*** Opening RECORDS PROVIDED ***

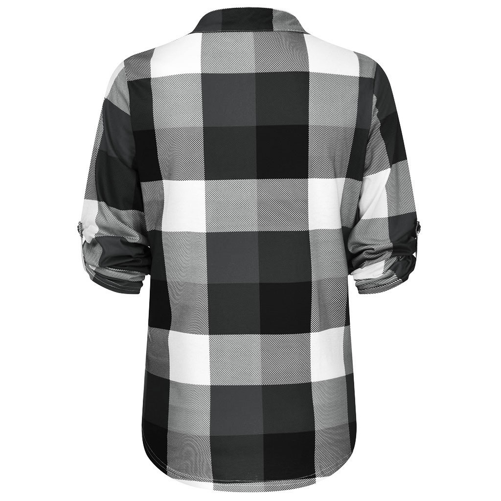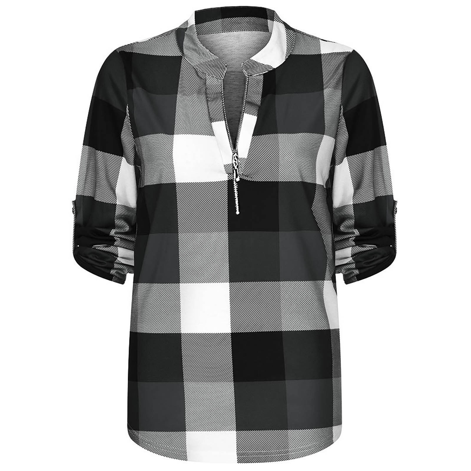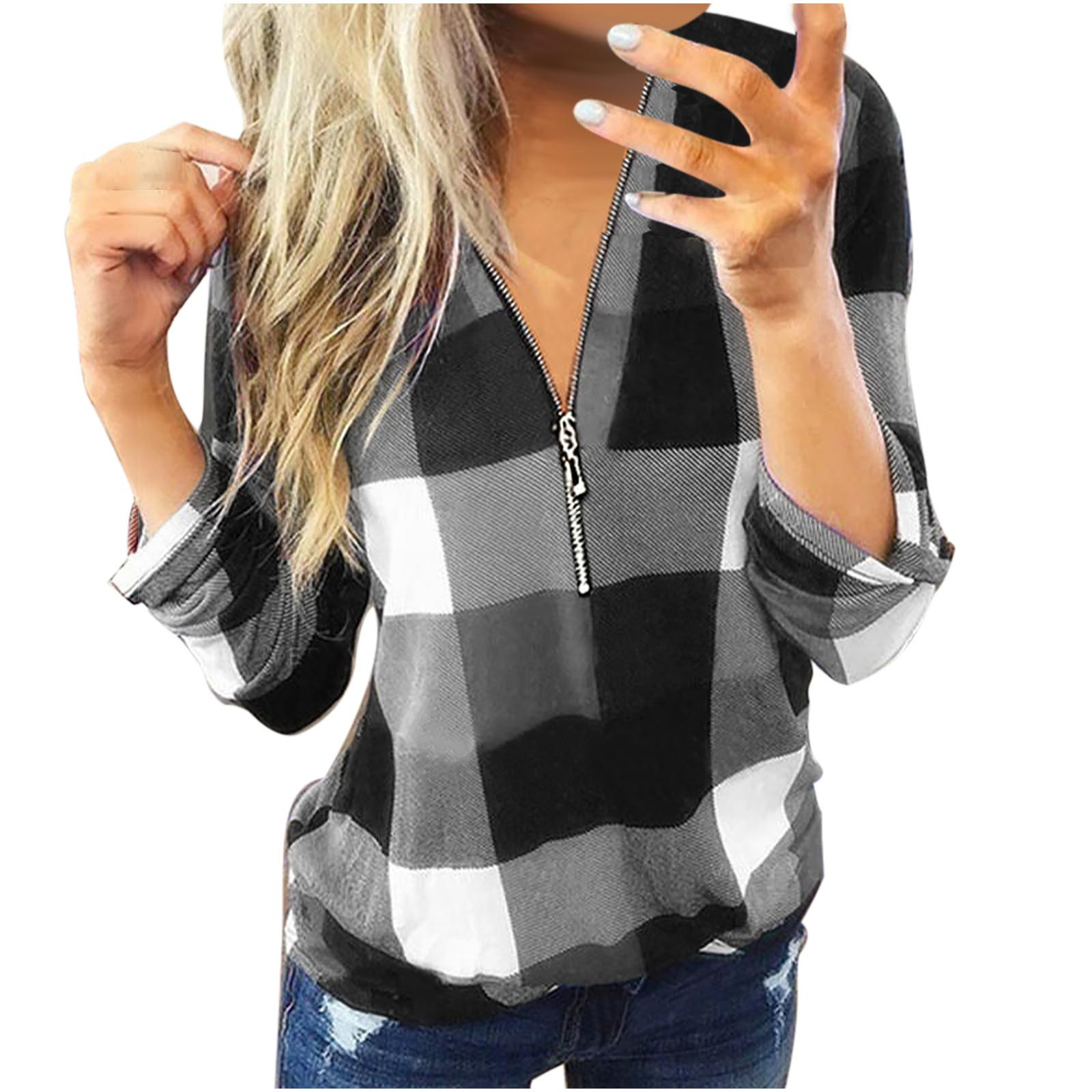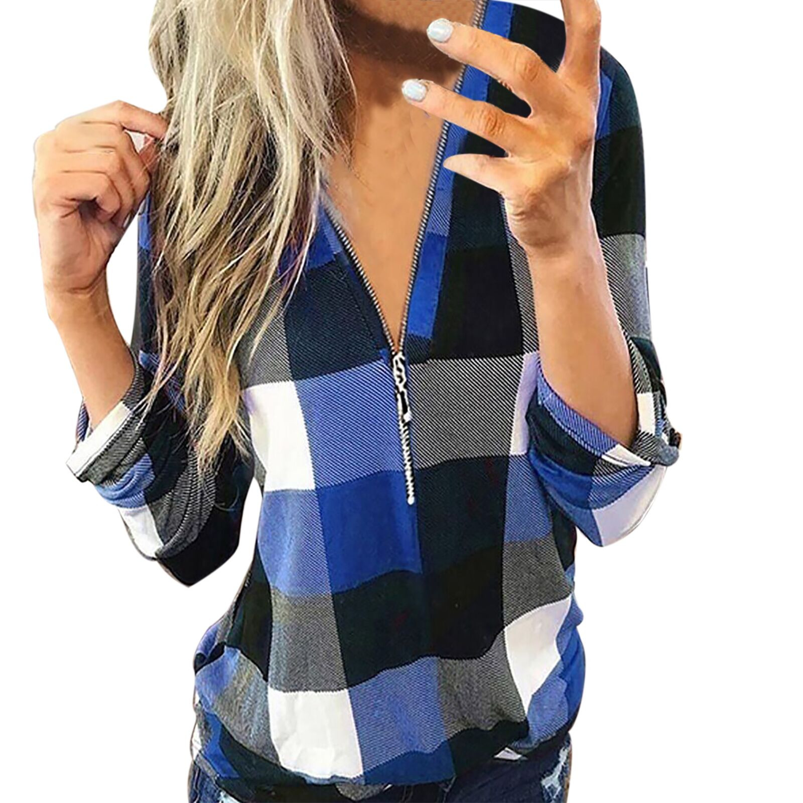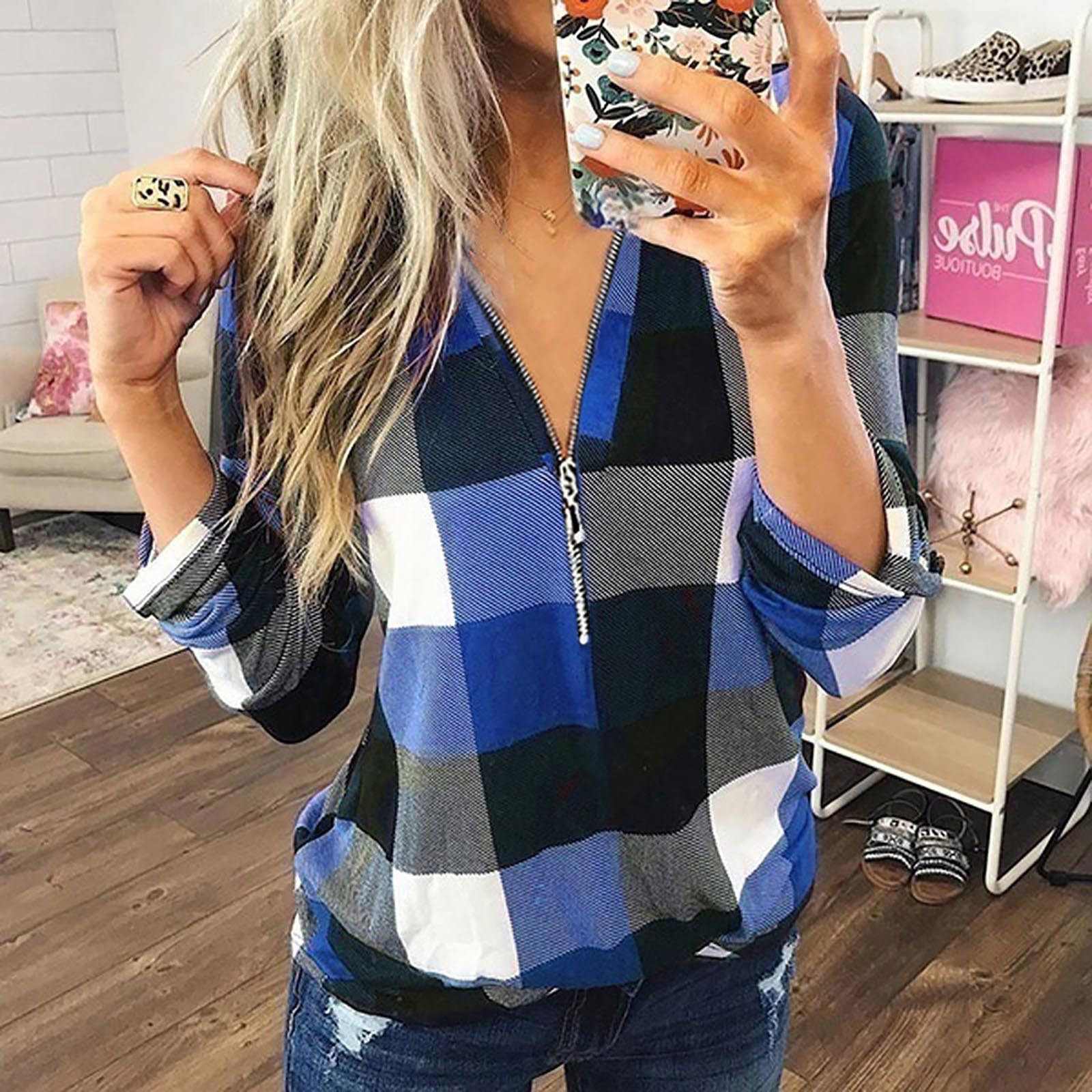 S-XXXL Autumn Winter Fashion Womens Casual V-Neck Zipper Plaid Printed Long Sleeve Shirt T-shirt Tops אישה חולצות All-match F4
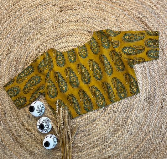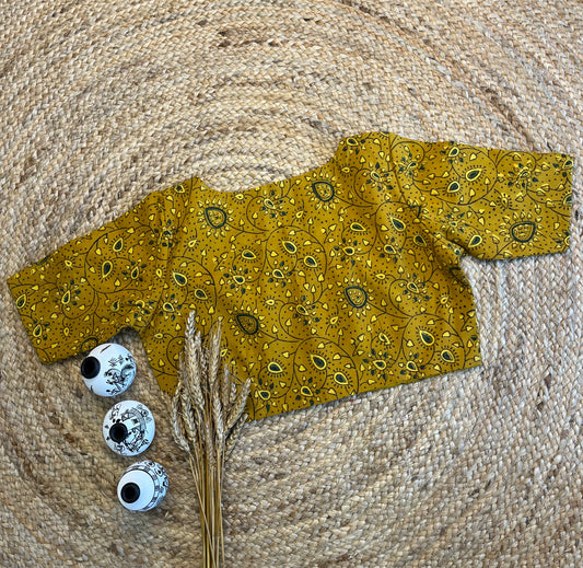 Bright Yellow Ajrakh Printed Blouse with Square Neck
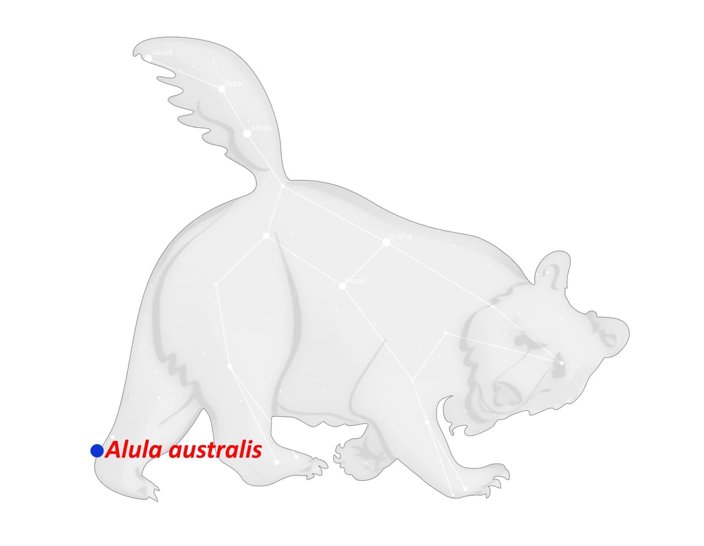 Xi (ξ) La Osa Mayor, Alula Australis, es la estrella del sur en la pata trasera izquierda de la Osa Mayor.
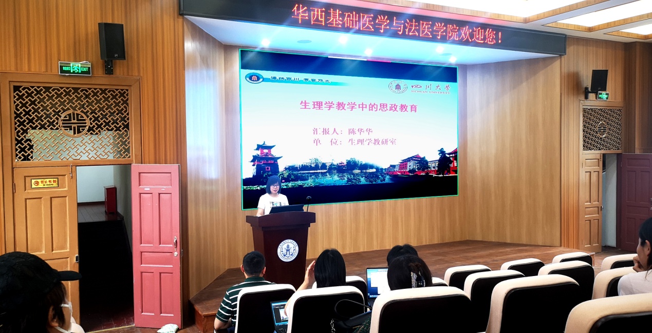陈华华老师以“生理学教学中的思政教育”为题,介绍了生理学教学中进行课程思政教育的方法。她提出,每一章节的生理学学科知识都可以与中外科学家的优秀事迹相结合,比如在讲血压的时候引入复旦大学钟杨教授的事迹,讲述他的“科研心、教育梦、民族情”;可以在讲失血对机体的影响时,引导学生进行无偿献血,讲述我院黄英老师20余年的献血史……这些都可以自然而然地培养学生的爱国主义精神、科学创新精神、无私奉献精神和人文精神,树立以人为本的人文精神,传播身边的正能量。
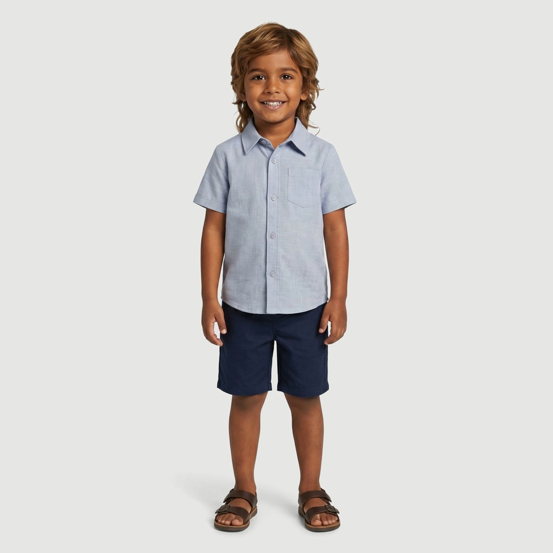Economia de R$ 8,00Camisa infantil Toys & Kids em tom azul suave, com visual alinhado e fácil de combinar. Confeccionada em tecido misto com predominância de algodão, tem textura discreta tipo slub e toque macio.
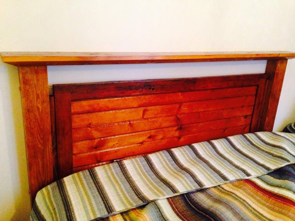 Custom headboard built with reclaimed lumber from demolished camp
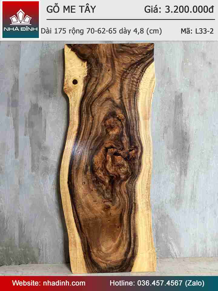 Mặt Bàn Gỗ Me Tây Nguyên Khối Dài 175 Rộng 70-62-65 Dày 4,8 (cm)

*** Closing RECORDS PROVIDED ***

ASSIGNED TASK: When you repeat the material, keep every word exact and drop the pictures.

RESPONSE TO THE TASK:
 S-XXXL Autumn Winter Fashion Womens Casual V-Neck Zipper Plaid Printed Long Sleeve Shirt T-shirt Tops אישה חולצות All-match F4
 Bright Yellow Ajrakh Printed Blouse with Square Neck
 Xi (ξ) La Osa Mayor, Alula Australis, es la estrella del sur en la pata trasera izquierda de la Osa Mayor.
陈华华老师以“生理学教学中的思政教育”为题,介绍了生理学教学中进行课程思政教育的方法。她提出,每一章节的生理学学科知识都可以与中外科学家的优秀事迹相结合,比如在讲血压的时候引入复旦大学钟杨教授的事迹,讲述他的“科研心、教育梦、民族情”;可以在讲失血对机体的影响时,引导学生进行无偿献血,讲述我院黄英老师20余年的献血史……这些都可以自然而然地培养学生的爱国主义精神、科学创新精神、无私奉献精神和人文精神,树立以人为本的人文精神,传播身边的正能量。
Economia de R$ 8,00Camisa infantil Toys & Kids em tom azul suave, com visual alinhado e fácil de combinar. Confeccionada em tecido misto com predominância de algodão, tem textura discreta tipo slub e toque macio.
 Custom headboard built with reclaimed lumber from demolished camp
 Mặt Bàn Gỗ Me Tây Nguyên Khối Dài 175 Rộng 70-62-65 Dày 4,8 (cm)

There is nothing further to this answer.